# Work to complete
Exact copies of the lines from the one with "Regular Kalıp Kısa" through the last line of the entries, and no pictures, make up the answer.

# Materials provided

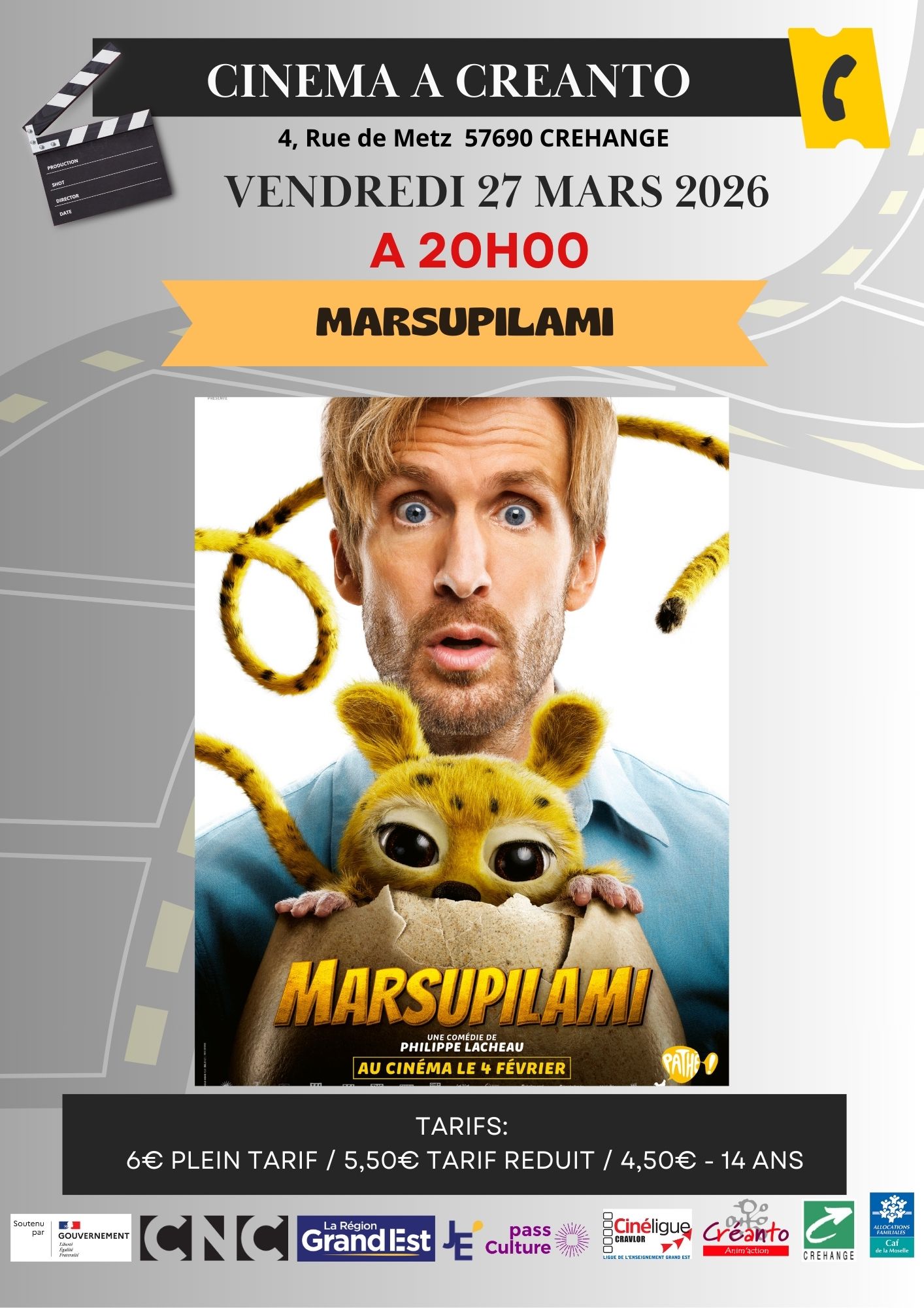 Cinéma : Marsupilami Tarifs : plein : 6€, réduit : 5,50€ et – de 14 ans : 4,50€. Informations au 03 87 94 26 26. + zum Google Calendar hinzufügen + iCal / Outlook export Datum 27 März 2026 Uhrzeit 20 h 00 min Ort Centre social Créanto Veranstalter Créanto Anim'Action Diese Veranstaltung teilen
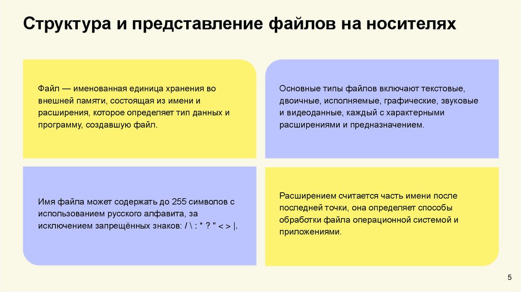 Структура и представление файлов на носителяхФайл — именованная единица хранения во
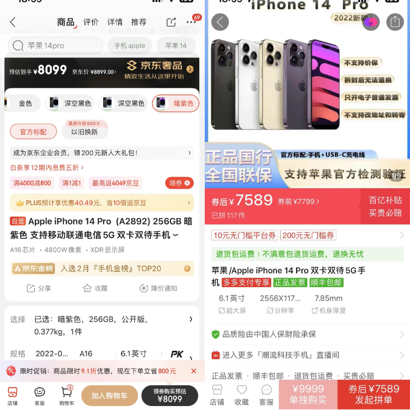 以iPhone手机为例,从2月份开始不少渠道都对iPhone 14 Pro进行了大幅度的降价促销,京东给出的优惠力度达800元,原价7999元只需7199元即可入手。但是拼多多则更狠,在其他平台的补贴价基础上又给出了500元的优惠补贴,把iPhone 14 Pro的价格降到了6699元左右。
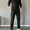 Regular Kalıp Kısa Dil Detaylı Siyah Pamuk Pantolon
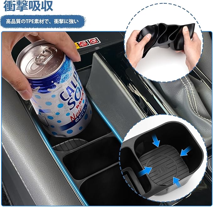 3.【キズ防止 衝撃吸収】:耐摩耗TPE素材で作られており、純正なカップホルダーをキズから守ることでき、運転中にカタカタ音防止、より快適な運転体験を提供する。
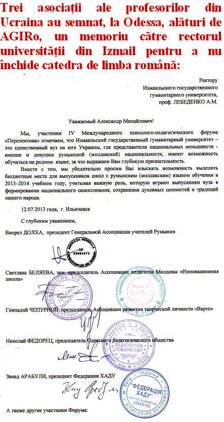 În vara lui 2013, la Odessa, ca expresie a solidarităţii pentru dreptul tinerei generaţii de a-şi învăţa limba maternă, cele patru asociaţii au semnat un memoriu comun (ataşat mai jos) pentru nu se închide specialitatea de limbă română din cadrul catedrei de limbi romanice de la Universitatea Umanistă de Stat din Ismail. Celor patru asociaţii li s-au alăturat prin semnătura lor încă două asociaţii:
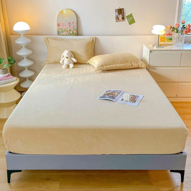 Простирадло на гумці Koloco Велюр на матрац 160х200+25 см Світло Бежевий
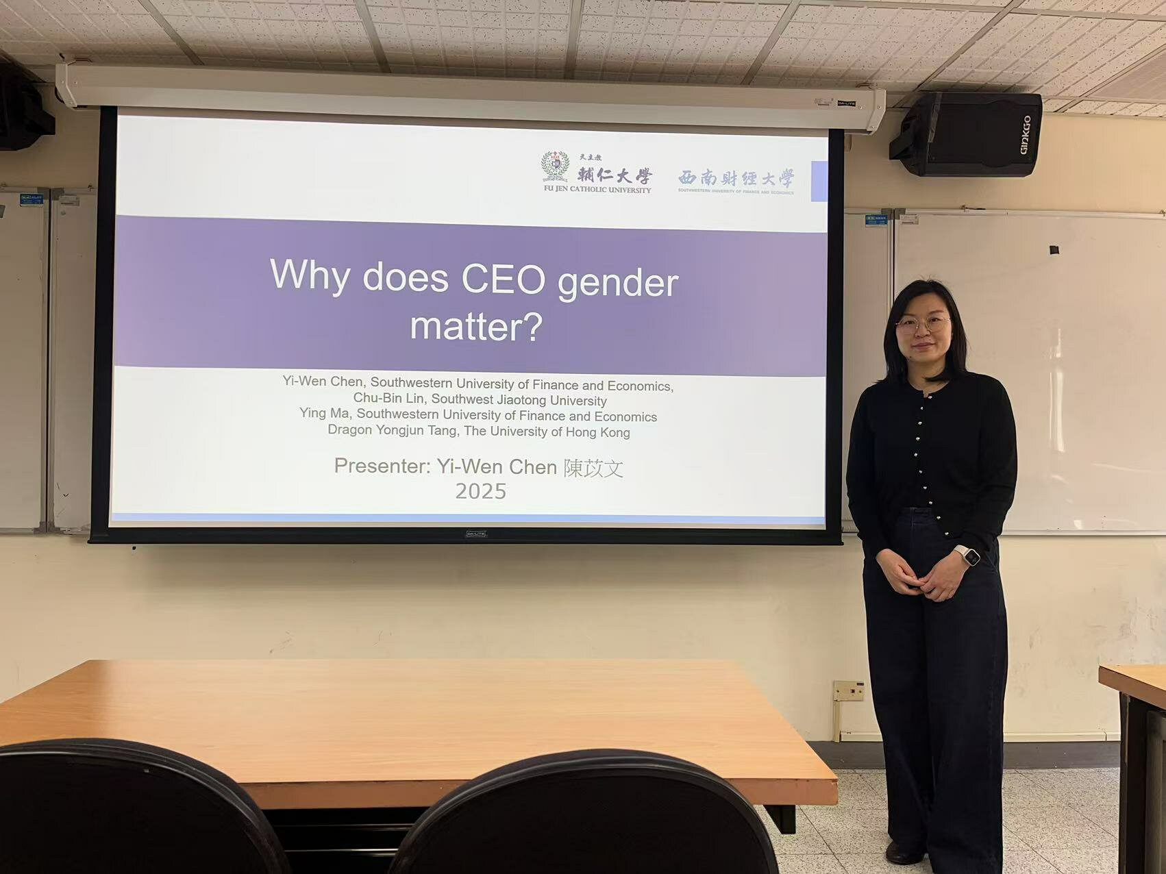 2025年1月21日,輔仁大學資訊管理系與國際處聯合舉辦了一場國際學術交流活動,特邀西南財經大學金融學院陳苡文教授蒞臨本校,於羅耀拉大樓SL201教室進行學術專題演講。本次交流活動由黃曜輝教授主持,旨在促進兩岸學術合作。

# Solved problem
 Regular Kalıp Kısa Dil Detaylı Siyah Pamuk Pantolon
 3.【キズ防止 衝撃吸収】:耐摩耗TPE素材で作られており、純正なカップホルダーをキズから守ることでき、運転中にカタカタ音防止、より快適な運転体験を提供する。
 În vara lui 2013, la Odessa, ca expresie a solidarităţii pentru dreptul tinerei generaţii de a-şi învăţa limba maternă, cele patru asociaţii au semnat un memoriu comun (ataşat mai jos) pentru nu se închide specialitatea de limbă română din cadrul catedrei de limbi romanice de la Universitatea Umanistă de Stat din Ismail. Celor patru asociaţii li s-au alăturat prin semnătura lor încă două asociaţii:
 Простирадло на гумці Koloco Велюр на матрац 160х200+25 см Світло Бежевий
 2025年1月21日,輔仁大學資訊管理系與國際處聯合舉辦了一場國際學術交流活動,特邀西南財經大學金融學院陳苡文教授蒞臨本校,於羅耀拉大樓SL201教室進行學術專題演講。本次交流活動由黃曜輝教授主持,旨在促進兩岸學術合作。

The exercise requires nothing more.